Вспомнив злосчастный вечер на таежном кордоне и Рустэмчика с карабином, Толик как-то сразу и окончательно определился. Убрав клинок в ножны, он достал из ящика стола пластиковый пакет, сунул в него кинжал, а потом завернул его в плотную оберточную бумагу и крест-накрест перетянул шпагатом. И с каждым движением по упаковке этого чертового клинка, решимость Толика расстаться с ним как бы удваивалась. А и в самом деле, ножей у него хватает, одним меньше – одним больше, какая разница? Главное, не заморачиваться и не создавать себе лишние проблемы.
Сверток свой Толик Ромашов сразу же унес на кухню и сунул в объемистый пластиковый мешок с отходами. В аккурат завтра утром за мусором должна была подъехать спецмашина.

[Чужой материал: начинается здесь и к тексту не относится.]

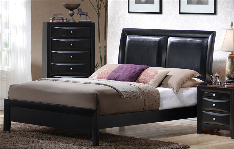 This stunning contemporary bed will add a touch of sophisticated style to your master bedroom. The high slightly curved headboard features two plush bi-cast leather panels for a luxurious look, while a smooth black frame with low profile footboard and chambered edges creates a sleek balance. Pair with the coordinating collection items for a harmonious style in your calming bedroom.
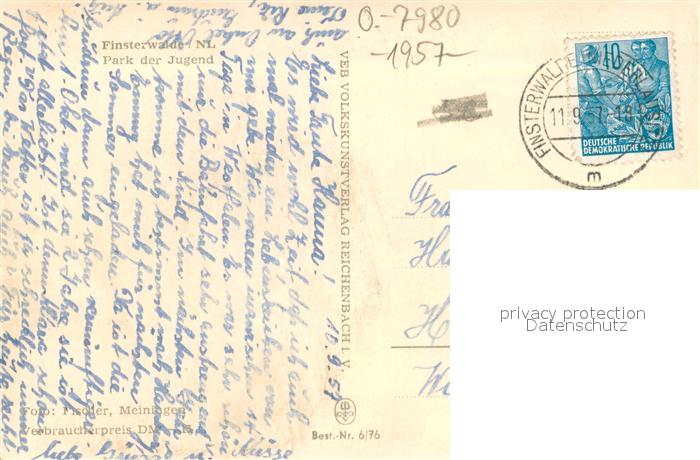 73692877 alte Postkarte Finsterwalde Park der Jugend postalisch gelaufen Erhaltung siehe scans [FriedD77] KatCode: 11110012062140
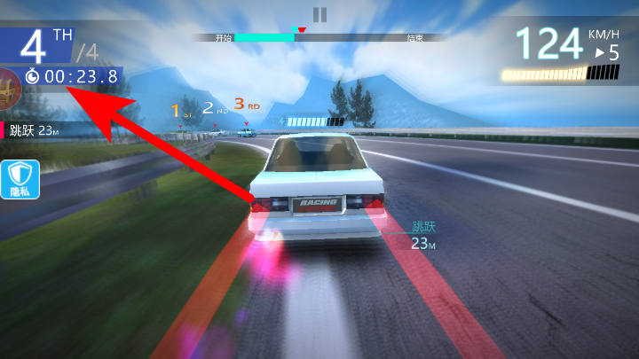 3、比赛过程中留意时间进度,借助跳跃等操作保持行驶节奏。
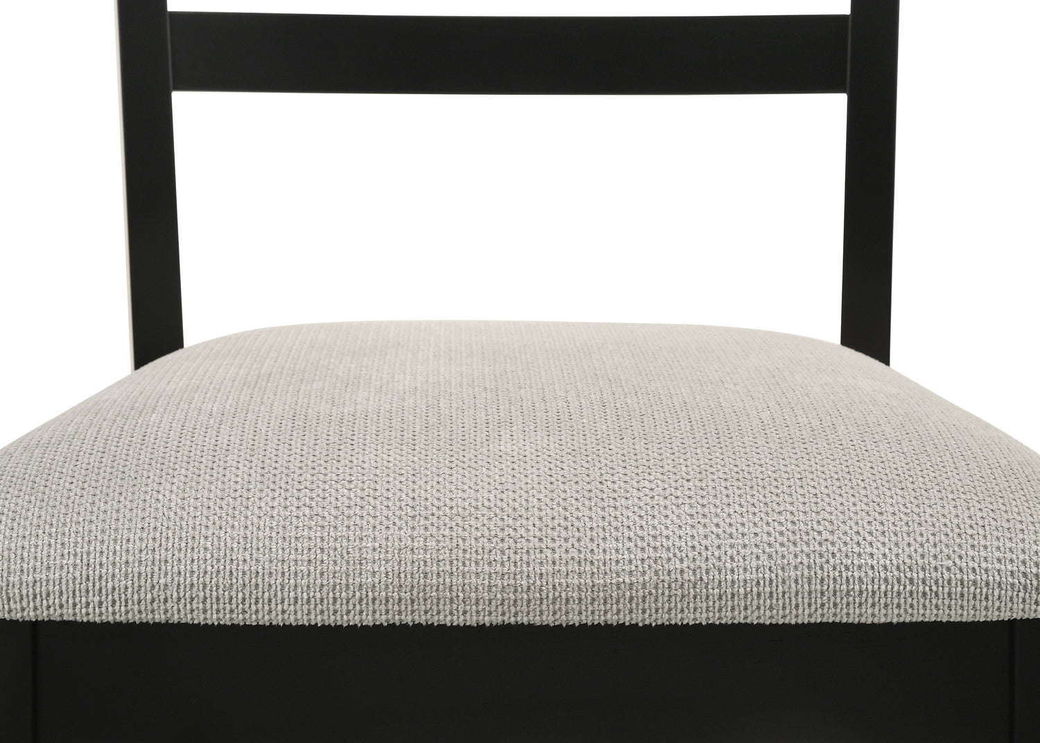 Juego de comedor contemporáneo de 5 piezas con mesa rectangular, base de madera en dos tonos, respaldo de escalera, sillas tapizadas, acabado en gris negro, muebles de comedor de madera
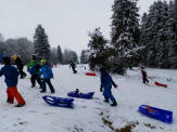 Als wir am Schlittenberg ankamen und unsere Rucksäcke ablegten, konnte der Schneespaß losgehen!
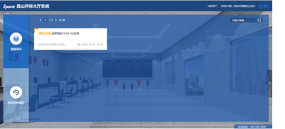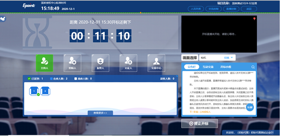 登入系統后可看到自己待開標的項目,選中需要本次開標的項目即進入該項目的直播間。頁面顯示開標倒計時和投標人在線及簽到情況。
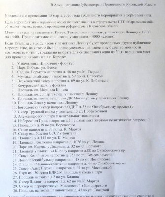 Кировские власти не согласовали митинг ни на одной из 31 площадок. Но предложили свою на окраине

Ну и – в добрый путь, уважаемый, авось найдется для тебя, такого красавца, более надежный хозяин, я не против, думал Толик. Главное, поскорее выбросить все это из головы, и забыть…
Вернувшись в кабинет, Толик включил мобильный телефон и почти сразу же прорезался нетерпеливый звонок.

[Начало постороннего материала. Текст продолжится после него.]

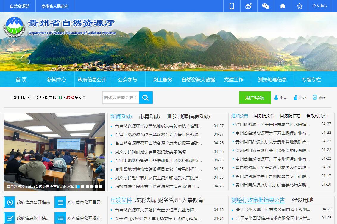 贵州省自然资源厅(以下简称省自然资源厅)是省人民政府组成部门,为正厅级。贵州省自然资源厅贯彻落实党中央、省委关于自然资源工作的方针政策和决策部署,在履行职责过程中坚持和加强党对自然资源工作的集中统一领导。贵州省自然资源厅主要职责是:(一)履行全民所有土地、矿产、森林、草原、湿地、水等自然资源资产所有者职责和所有国土空间用途管制职责。拟订自然资源和国土空间规划及测绘等法规规章草案,拟订相关政策并监督检查执行情况。(二)负责自然资源调查监测评价。贯彻自然资源调查监测评价的指标体系和统计标准,执行自然资源调查监测评价制度。实施自然资源基础调查、专项调查和监测。负责自然资源调查监测评价成果的监督管理和信息发布。指导全省自然资源调查监测评价工作。(三)负责自然资源统一确权登记工作。贯彻执行各类自然资源和不动产统一确权登记、权籍调查、不动产测绘、争议调处、成果应用的制度、标准、规范,拟订相关政策并组织实施。建立健全全省统一的自然资源和不动产登记信息管理平台。负责自然资源和不动产登记资料收集、整理、共享、汇交管理等。指导监督全省自然资源和不动产确权登记工作。(四)负责自然资源资产有偿使用工作。建立全民所有自然资源资产统计制度,负责全民所有自然资源资产核算。编制全民所有自然资源资产负债表,执行考核标准。拟订全民所有自然资源资产划拨、出让、租赁、作价出资和土地储备政策并监督实施,合理配置全民所有自然资源资产。负责自然资源资产价值评估管理,依法收缴相关资产收益。(五)负责自然资源的合理开发利用。贯彻执行国家自然资源发展规划,组织拟订全省自然资源发展规划,执行自然资源开发利用标准,实施政府公示自然资源价格体系制度,组织开展自然资源分等定级价格评估,开展自然资源利用评价考核,指导节约集约利用。负责自然资源市场监管。组织研究自然资源管理涉及宏观调控、区域协调和城乡统筹的政策措施。(六)负责建立全省空间规划体系并监督实施。牵头编制主体功能区规划并组织实施,组织编制并监督实施国土空间规划和相关专项规划。开展国土空间开发适宜性评价,建立国土空间规划实施监测、评估和预警体系。组织划定生态保护红线、永久基本农田、城镇开发边界等控制线,构建节约资源和保护环境的生产、生活、生态空间布局。实施国土空间用途管制制度,研究拟订城乡规划政策并监督实施。组织拟订并实施土地等自然资源年度利用计划。负责土地等国土空间用途转用工作。负责土地征收征用管理。(七)负责统筹全省国土空间生态修复。牵头组织编制国土空间生态修复规划并实施有关生态修复重要工程。负责国土空间综合整治、土地整理复垦、矿山地质环境恢复治理等工作。牵头拟订生态补偿制度并组织实施,制定合理利用社会资金进行生态修复的政策措施,提出重要备选项目。(八)负责组织实施最严格的耕地保护制度。拟订耕地保护政策,负责耕地数量、质量、生态保护。组织实施耕地保护责任目标考核和永久基本农田特殊保护。实施耕地占补平衡制度,监督占用耕地补偿制度执行情况。(九)负责管理地质勘查行业和地质工作。编制地质勘查规划并监督检查执行情况。管理省级地质勘查项目。组织实施省级地质矿产勘查专项。负责地质灾害预防和治理,监督管理地下水过量开采及引发的地面沉降等地质问题。负责古生物化石的监督管理。(十)负责落实综合防灾减灾规划相关要求,组织编制全省地质灾害防治规划并指导实施,执行国家防护标准。组织指导协调和监督地质灾害调查评价及隐患的普查、详查、排查。指导开展群测群防、专业监测和预报预警等工作,指导开展地质灾害工程治理工作。承担地质灾害应急救援的技术支撑工作。(十一)负责矿产资源管理工作。负责矿产资源储量管理及压覆矿产资源审批。负责矿业权管理。会同有关部门承担保护性开采的特定矿种、优势矿产的调控及相关管理工作。监督指导矿产资源合理利用和保护。(十二)负责测绘地理信息管理工作。负责基础测绘和测绘行业管理。负责测绘资质资格与信用管理,监督管理地理信息安全和市场秩序。负责地理信息公共服务管理。负责测量标志保护。(十三)推动自然资源领域科技发展。根据自然资源领域科技创新发展和人才培养战略,拟订并实施相关规划和计划。组织编制并监督实施技术标准、规程规范。组织实施重要科技工程及创新能力建设,推进自然资源信息化和信息资料的公共服务。按规定做好大数据发展应用和政务数据资源管理相关工作,依法促进部门政务数据资源规范管理、共享和开放。(十四)开展自然资源对外交流合作。承担自然资源领域对外交流合作工作和涉外行政许可相关工作。(十五)根据授权对地方政府落实党中央、国务院和省委、省政府关于自然资源和国土空间规划的重大方针政策、决策部署及法律法规执行情况进行督察。查处自然资源开发利用和国土空间规划及测绘重大违法案件。指导地方有关行政执法工作。(十六)结合部门职责,做好军民融合、扶贫开发等相关工作;负责本部门、本行业领域的安全生产和消防安全工作。(十七)统一领导和管理省林业局。(十八)完成

– Ты что, брат, свой мобильник не врубаешь? – даже не поздоровавшись, раздраженно спросил Мартын. – Совсем одичал в отпусках…

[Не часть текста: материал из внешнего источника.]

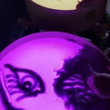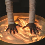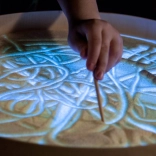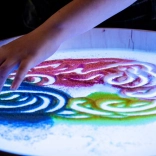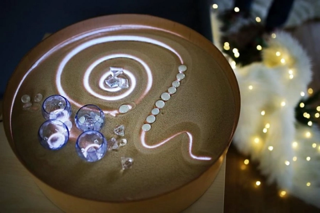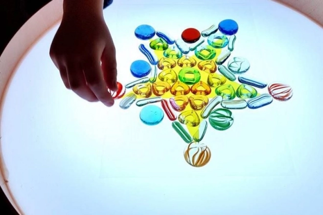 Na ploči se može crtati prstima, kistovima i plastičnim alatima, raditi s pijeskom, kamenčićima i drugim materijalima bez brige o neredu zahvaljujući povišenom rubu. Stol služi i kao svjetlosna scena za malo kazalište, ukrasna rasvjeta dječje sobe ili terapijski alat za razvoj percepcije boja, oblika i uzoraka.
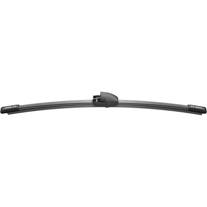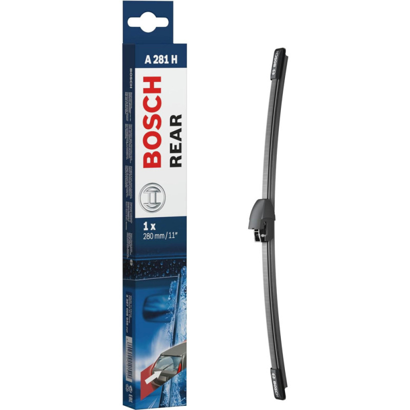 The BOSCH Twin frameless wiper has a length of 280 mm and is designed for the rear window of the vehicle. The frameless construction provides even pressure across the entire glass surface. The product belongs to the TWIN series. This shape reduces air resistance during movement.

– Да закрутился я тут со всякими делами после приезда, – начал было оправдываться Толик, но Мартын его решительно перебил:
– Это, брат, твои проблемы, ты их и решай… А я тебе звоню, чтобы сообщить – Рустэмчику лицензию на быка подогнали. Так что – полный порядок.
2
Далеко Яшка не ушел. Правда, днем убредал в таежные чащи, кормился на просеках и по кочковатым марям, но на ночь обязательно возвращался на кордон. Здесь, в небольшом долбленом корытце, его всегда поджидала болтушка из комбикорма с отварными картофельными очистками. Яшка прямо-таки хрюкал от удовольствия, благодарно скашивая на Михалыча огромные влажные глаза под тяжелыми ресницами. Кормился он не спеша, солидно, часто вскидывая большую голову с удлиненной верхней губой, с которой падали в корыто мутные капли. Срабатывал инстинкт: кормежка – кормежкой, но бдительность терять нельзя, и лишний раз осмотреться – святое дело. Яшка осматривался, шумно вздыхал и опять припадал к лакомству. А уж если Михалыч расстарается и привезет с ближайшего водоема, где у него почти всегда сети стоят, охапку кувшинок, перемешанных с рогозом и осокой широколистной – у Яшки настоящий праздник.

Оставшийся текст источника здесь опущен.